- Born: 1847 Brooklyn, New York, U.S.
- Died: 1906 (aged 58–59) New York City, U.S.
- Occupations: Businessman: Wholesale meat distribution Racehorse/Racetrack owner

= Michael F. Dwyer =

Michael F. Dwyer (1847-1906) was an American businessman and prominent owner of Thoroughbred racehorses and racetracks from Brooklyn, New York. He and older brother Philip made a fortune in the meat packing industry, supplying butcher shops, eating establishments and hotels.

==Thoroughbred racing==
In 1874 the Dwyer brothers entered the sport of Thoroughbred racing, building their Dwyer Brothers Stable into one of the top racing operations in the United States. Between them, they won the Kentucky Derby twice, the Preakness Stakes once, and the Belmont Stakes five times in the six years from 1883 through 1888. They owned and raced some of the best horses in the history of American Thoroughbred flat racing including four that have been inducted in the National Museum of Racing and Hall of Fame. In 1890, the Dwyers decided to dissolve their formal racing partnership. Mike Dwyer went on to enjoy further racing success and gained control of the New Jersey Jockey Club that operated a racetrack in Elizabeth, New Jersey.

==Racetrack ownership==
During the 1880s, the Dwyer brothers entered into a leasing arrangement for the Prospect Park Fair Grounds Trotting Track which they operated so successfully that they decided to build their own racing facility. In 1887 they established the Brooklyn Jockey Club which built and operated the Gravesend Race Track at Gravesend on Coney Island, New York.

==The Racing Trust==
Organized by Pierre Lorillard IV in 1891 and chaired by John Hunter, the Racing Trust, more commonly referred to as the Board of Control, was the governing authority that oversaw the sport of horse racing in New York State. It was dominated by the Dwyer brothers and John A. Morris, a businessman known as the "lottery king" who owned the Morris Park Racecourse. In the early 1890s they came under severe criticism from a group of horse trainers who claimed the Dwyers routinely acted in their own self interests to the detriment of the competitors and the public. The trainers called for change and were soon joined by a group of prominent owners such as James R. Keene and August Belmont, Jr. The matter culminated with the 1894 formation of The Jockey Club.
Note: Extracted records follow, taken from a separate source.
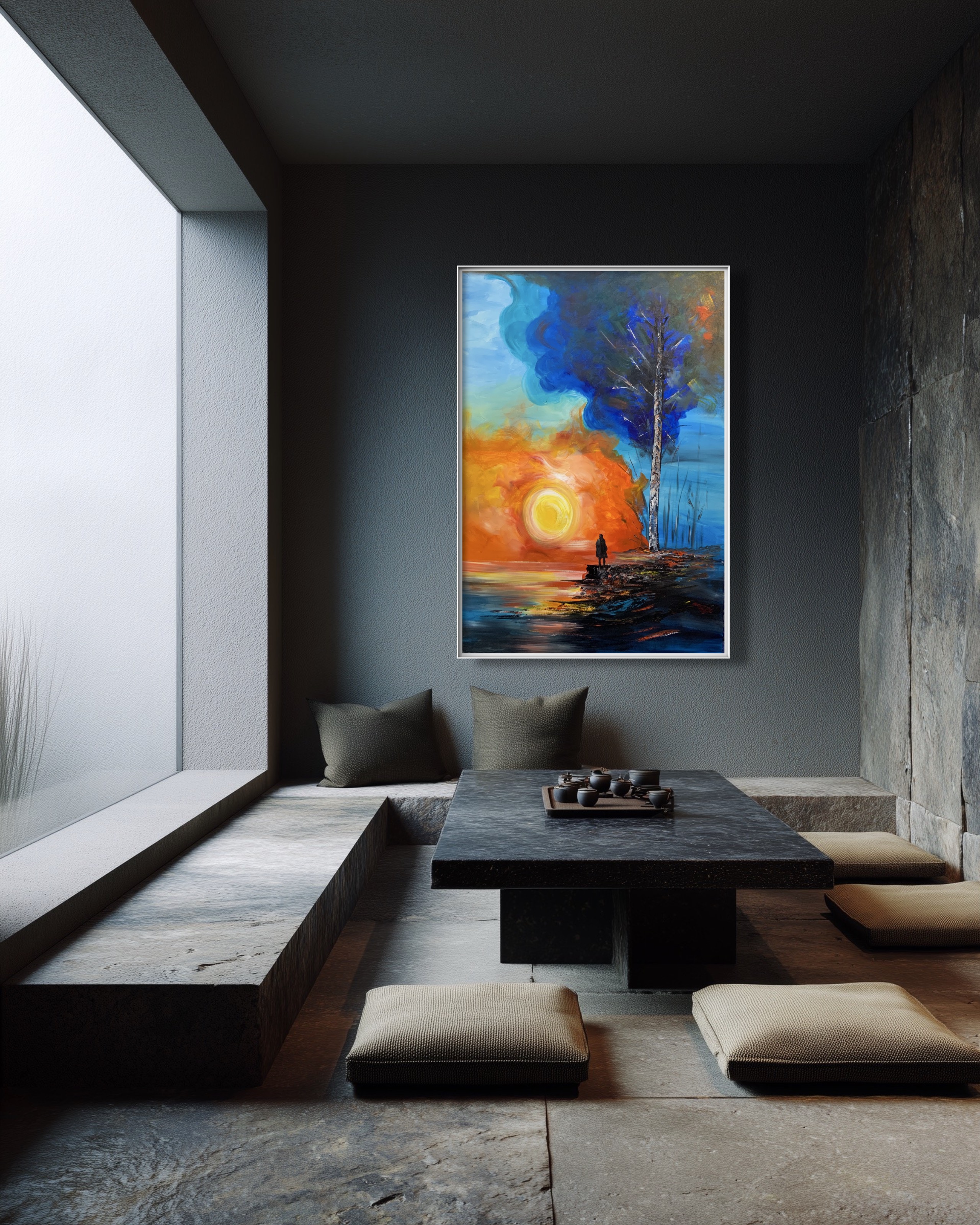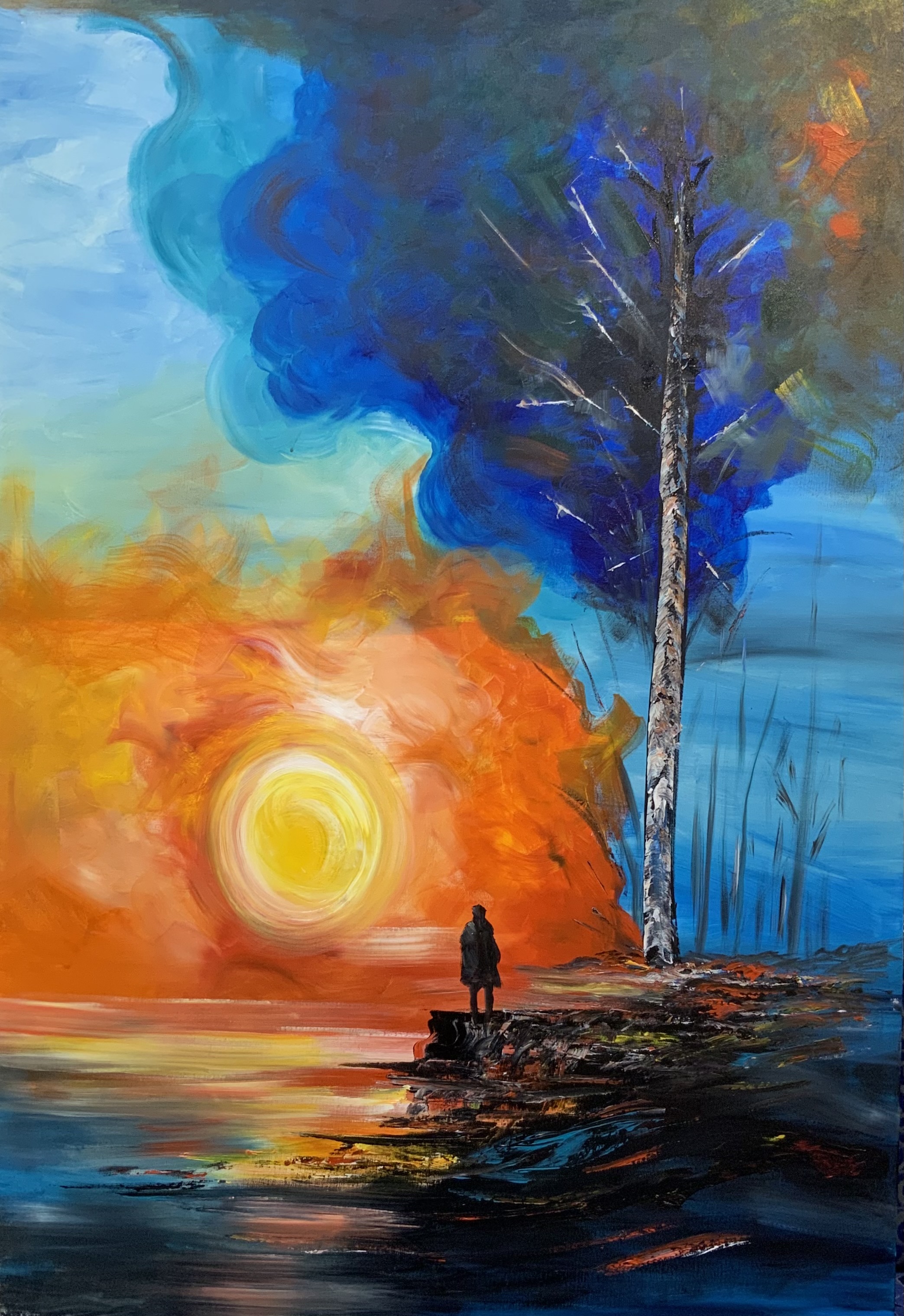 An expressive artwork that blends the warmth of the sun with the coolness of water. A solitary figure stands at the edge, contemplating a glowing sun. Fiery hues merge with deep blues, creating a poetic tension between hope and solitude, beginnings and endings. The tall tree adds a symbolic sense of strength and resilience against the passage of time.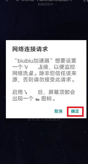 3、紧接着加速器就需要创建一个【ip】然后点击【确定】就可以完成加速器设置,启动手机中的游戏;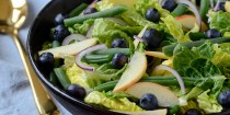 Skal du servere den som en dejlig forårssalat, er det også virkelig lækkert at tilføje lidt friske aspargesstykker til salaten. Og som en frisk sommersalat til f.eks. grillet oksemørbrad, kan du med fordel grille de halve bagte rødløg i stedet for at bage dem. Pak dem blot ind i stanniol sammen med smørret, og kom dem på grillen, indtil de er møre.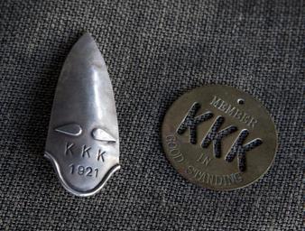 | Keywords: KKK metals 07669u original.jpg Two KKK metals on fabric underground 2010-05-22 digital colour photograph object history credit line The George F Landegger Collection of Alabama Photographs in Carol M Highsmith's America Library of Congress Prints and Photographs Division left metal KKK 1921 <br> right metal MEMBER KKK IN GOOD STANDING accession number LC-DIG-highsm- 07669 ONLINE P P LOC-image highsm 07669 PD-Highsmith History of the United States Ku Klux Klan | ||||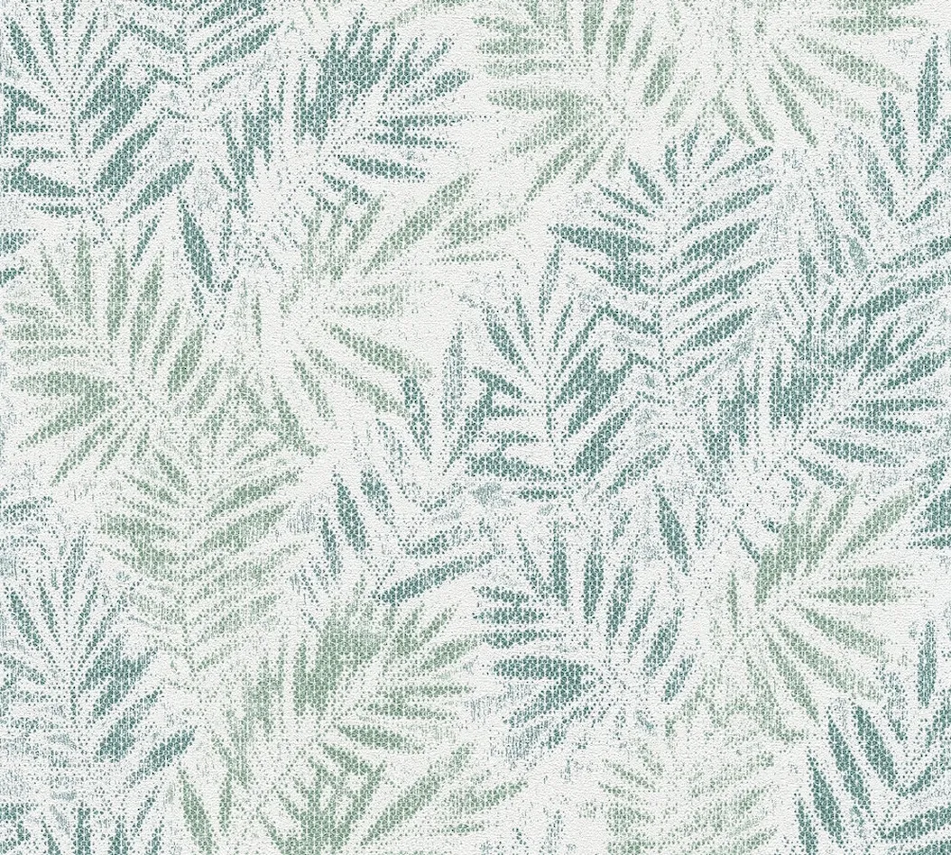 Tapeta 39120-1 Metropolitan Stories. Travel Stories AS Creation Tapeta z wzorem liści z błyszczącą teksturą - biała, zielona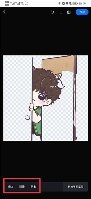 从手机相册中选择需要处理的照片,系统将自动完成智能抠图,随后可自由调整描边、背景及阴影的颜色,打造个性化效果。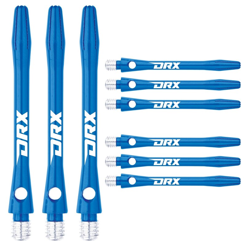 RED DRAGON DRX Coated Aluminium Medium Blue Logo Dart Stems (Shafts) - 2 sets per pack (6 Stems in total)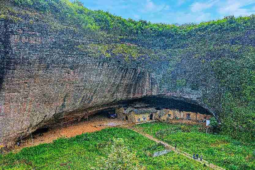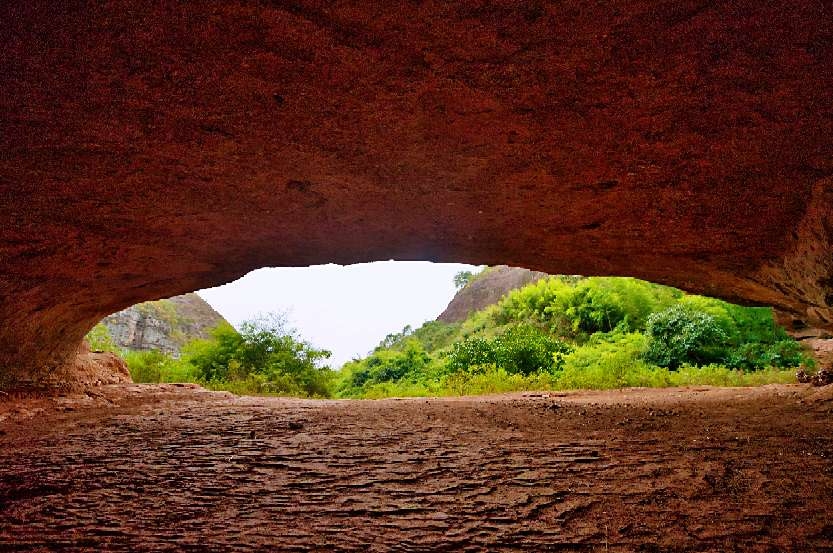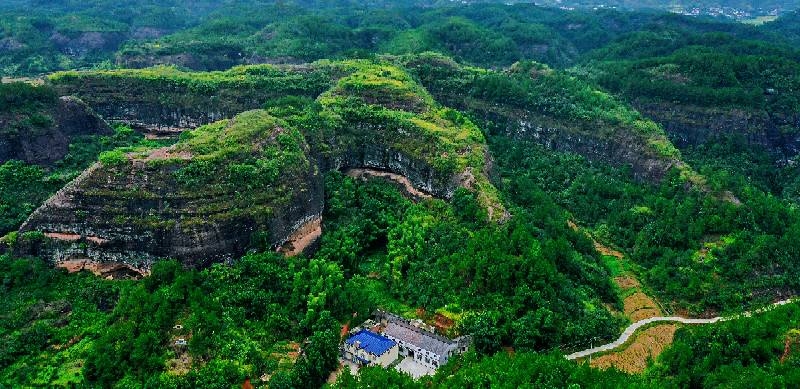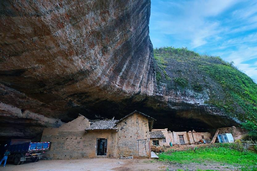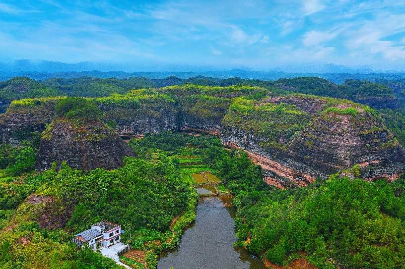 平江县木金乡有一处“穿岩”。“穿岩”是因为亿万年形成的丹霞地貌山岩中有一洞穿山而过,把它分为前岩和后岩两部分。胡望龙 摄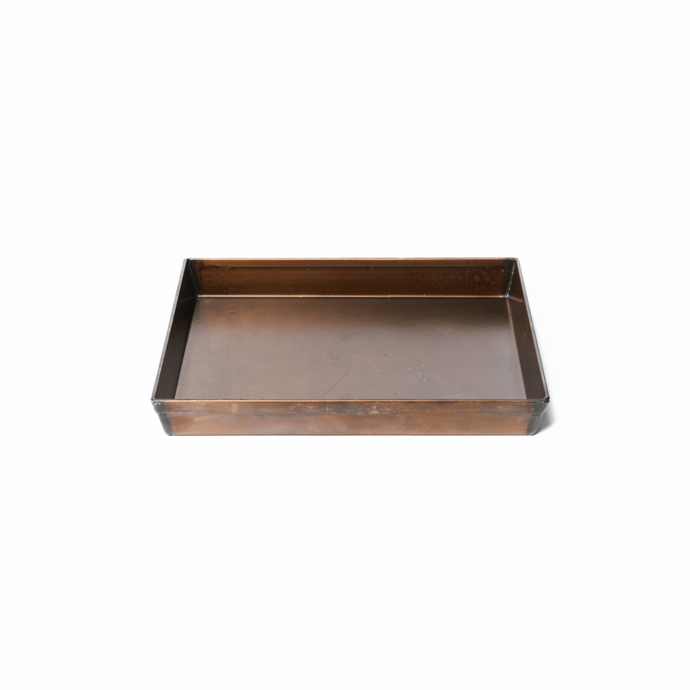 The bottom edge measures 27.5 cm (10.8”) long and 24.5 cm (9.6”) wide. It is 3.5 cm (1.4”) deep.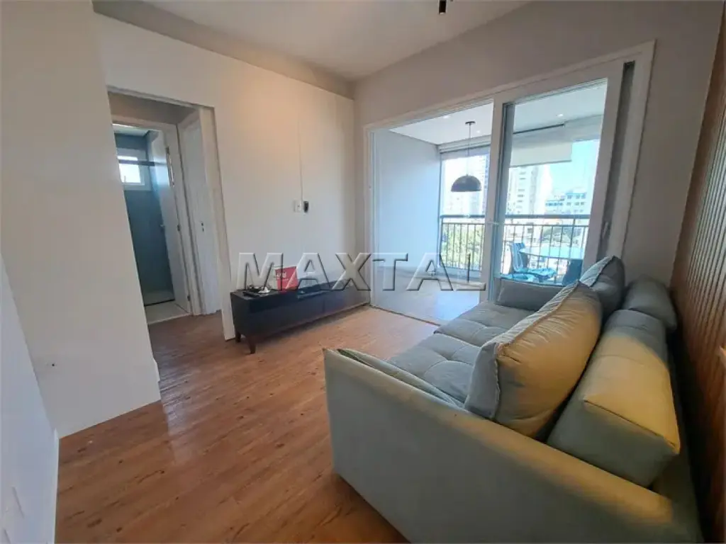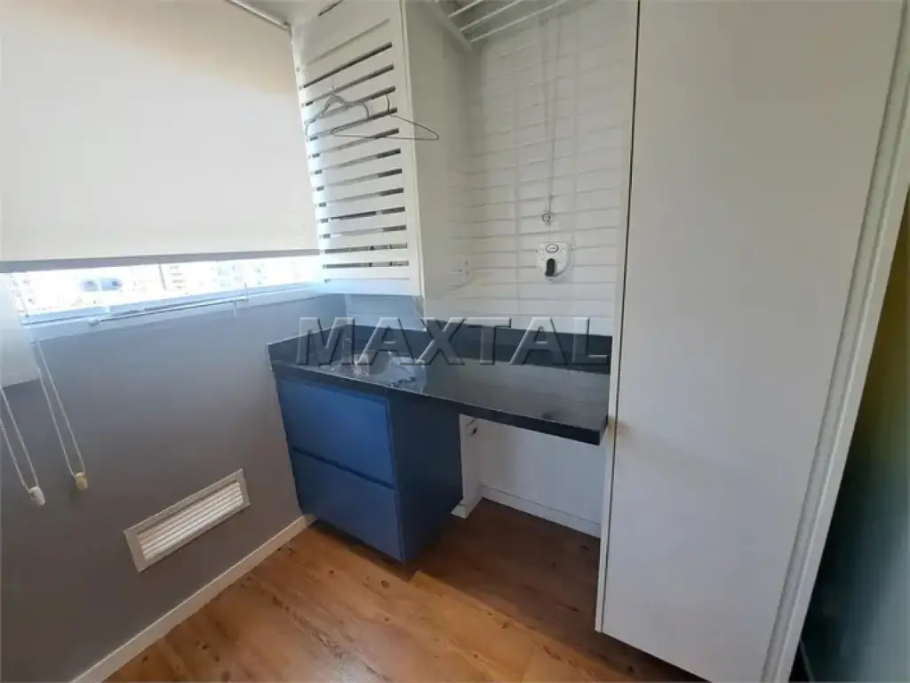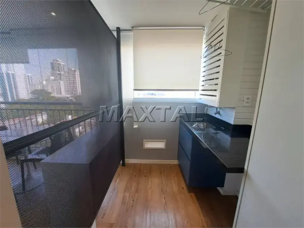 Moderno e bem planejado, este apartamento é perfeito para quem busca conforto, praticidade e excelente localização. Com 42 m² bem distribuídos, o imóvel conta com 1 dormitório com armários planejados e persiana elétrica, banheiro com ventilação natural, armário e box de vidro, cozinha e lavanderia com móveis planejados, sala com sofá e rack, além de uma charmosa varanda envidraçada com persianas, mesa e cadeira para home office.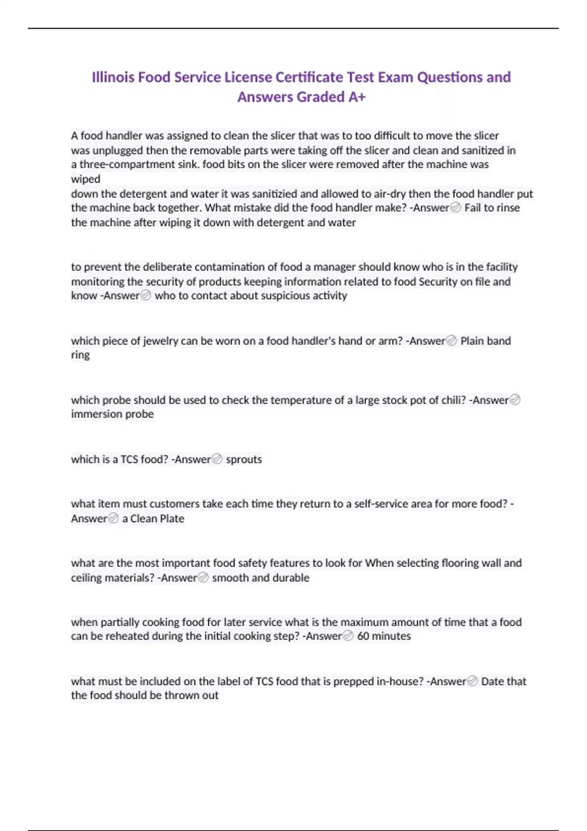 Illinois Food Service License Certificate Test Exam Questions and Answers Graded A+

Mike Dwyer was notorious for betting enormous amounts of money on the outcome of horse races. He died in 1906 and in his brother Philip's 1917 obituary, the New York Times newspaper reported that Mike Dwyer "paralyzed the betting ring with the magnitude of his wagers" and died in "poor circumstances" as a result of his heavy gambling. The 2004 book Women of the Year - Ten Fillies Who Achieved Horse Racing's Highest Honor said that by the time Dwyer died, reporters believed that he had lost more than $1.5 million betting on favorites.

His eldest son, Charles F. Dwyer, who won the 1898 Preakness Stakes with the colt Sly Fox, would also become notorious for his gambling.